Action item ▸
All of the entries below need repeating exactly, apart from their images.

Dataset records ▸
**********

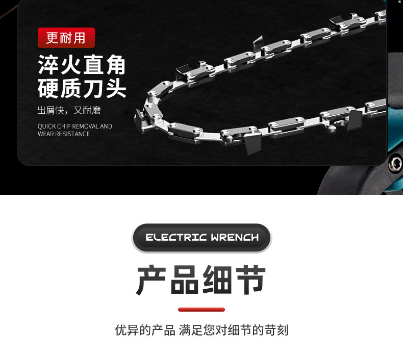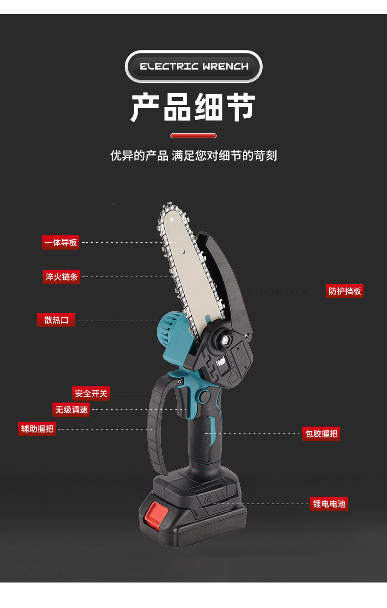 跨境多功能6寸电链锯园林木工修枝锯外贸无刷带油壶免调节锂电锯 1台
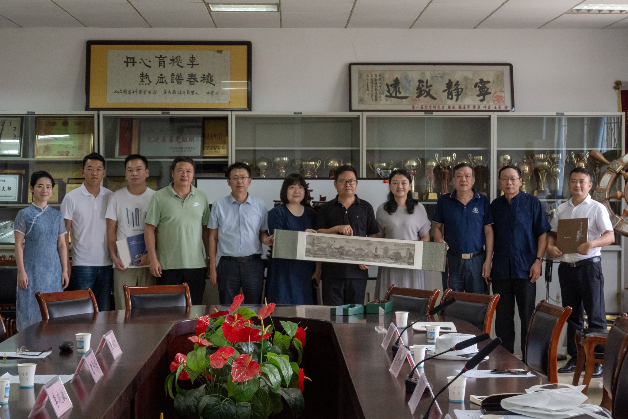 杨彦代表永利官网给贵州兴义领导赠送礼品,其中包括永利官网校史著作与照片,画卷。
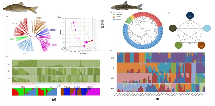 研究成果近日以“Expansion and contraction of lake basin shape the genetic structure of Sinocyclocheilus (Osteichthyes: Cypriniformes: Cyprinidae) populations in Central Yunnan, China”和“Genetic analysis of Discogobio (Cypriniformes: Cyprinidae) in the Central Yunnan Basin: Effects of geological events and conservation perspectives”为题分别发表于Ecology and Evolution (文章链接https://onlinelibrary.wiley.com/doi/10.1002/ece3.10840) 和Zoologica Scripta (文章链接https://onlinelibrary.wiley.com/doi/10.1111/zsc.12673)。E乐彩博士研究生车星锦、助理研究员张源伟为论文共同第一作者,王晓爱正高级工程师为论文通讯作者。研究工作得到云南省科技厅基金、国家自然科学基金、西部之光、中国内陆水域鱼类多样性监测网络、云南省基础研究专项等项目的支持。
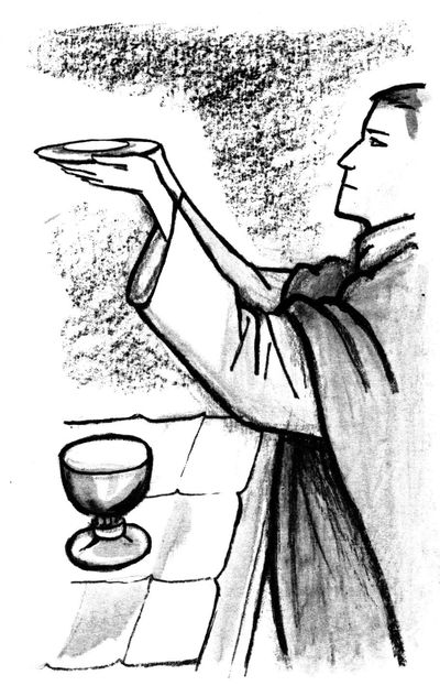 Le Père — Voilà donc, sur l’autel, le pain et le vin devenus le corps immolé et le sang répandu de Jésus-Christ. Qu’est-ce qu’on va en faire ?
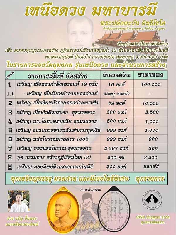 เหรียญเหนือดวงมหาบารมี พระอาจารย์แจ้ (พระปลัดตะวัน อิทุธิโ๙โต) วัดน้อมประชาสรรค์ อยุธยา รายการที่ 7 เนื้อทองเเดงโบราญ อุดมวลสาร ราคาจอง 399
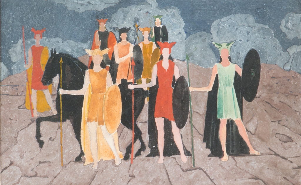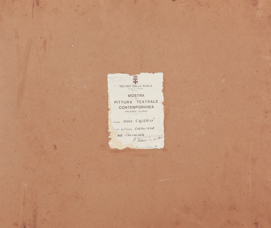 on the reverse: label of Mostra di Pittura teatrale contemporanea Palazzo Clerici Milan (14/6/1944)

**********

Your response ▸
 跨境多功能6寸电链锯园林木工修枝锯外贸无刷带油壶免调节锂电锯 1台
 杨彦代表永利官网给贵州兴义领导赠送礼品,其中包括永利官网校史著作与照片,画卷。
 研究成果近日以“Expansion and contraction of lake basin shape the genetic structure of Sinocyclocheilus (Osteichthyes: Cypriniformes: Cyprinidae) populations in Central Yunnan, China”和“Genetic analysis of Discogobio (Cypriniformes: Cyprinidae) in the Central Yunnan Basin: Effects of geological events and conservation perspectives”为题分别发表于Ecology and Evolution (文章链接https://onlinelibrary.wiley.com/doi/10.1002/ece3.10840) 和Zoologica Scripta (文章链接https://onlinelibrary.wiley.com/doi/10.1111/zsc.12673)。E乐彩博士研究生车星锦、助理研究员张源伟为论文共同第一作者,王晓爱正高级工程师为论文通讯作者。研究工作得到云南省科技厅基金、国家自然科学基金、西部之光、中国内陆水域鱼类多样性监测网络、云南省基础研究专项等项目的支持。
 Le Père — Voilà donc, sur l’autel, le pain et le vin devenus le corps immolé et le sang répandu de Jésus-Christ. Qu’est-ce qu’on va en faire ?
 เหรียญเหนือดวงมหาบารมี พระอาจารย์แจ้ (พระปลัดตะวัน อิทุธิโ๙โต) วัดน้อมประชาสรรค์ อยุธยา รายการที่ 7 เนื้อทองเเดงโบราญ อุดมวลสาร ราคาจอง 399
 on the reverse: label of Mostra di Pittura teatrale contemporanea Palazzo Clerici Milan (14/6/1944)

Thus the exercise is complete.